<<<<
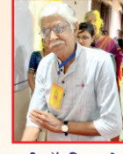
पद्मश्री डॉ. किरण सेठ जी
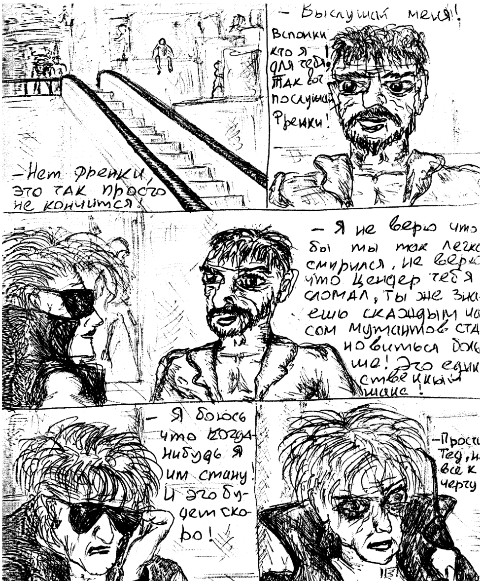
Рисунок М. Горшковой.

Горшок нашел в 40 минутах ходьбы от дома подростковый клуб. Этот клуб не относился к нашему району, но в нем была какая-никакая аппаратура, был музыкальный руководитель и нас (о, да!) пустили туда раз или два в неделю играть. Там были барабаны, электрогитара, бас и микрофоны! Первым делом музруководитель, молодой такой и прикольный парень, спросил: «Кто умеет
>>>>
Your assignment
Only the pictures are dropped when you print the material; everything else is copied exactly.

Reply
पद्मश्री डॉ. किरण सेठ जी
Рисунок М. Горшковой.

Горшок нашел в 40 минутах ходьбы от дома подростковый клуб. Этот клуб не относился к нашему району, но в нем была какая-никакая аппаратура, был музыкальный руководитель и нас (о, да!) пустили туда раз или два в неделю играть. Там были барабаны, электрогитара, бас и микрофоны! Первым делом музруководитель, молодой такой и прикольный парень, спросил: «Кто умеет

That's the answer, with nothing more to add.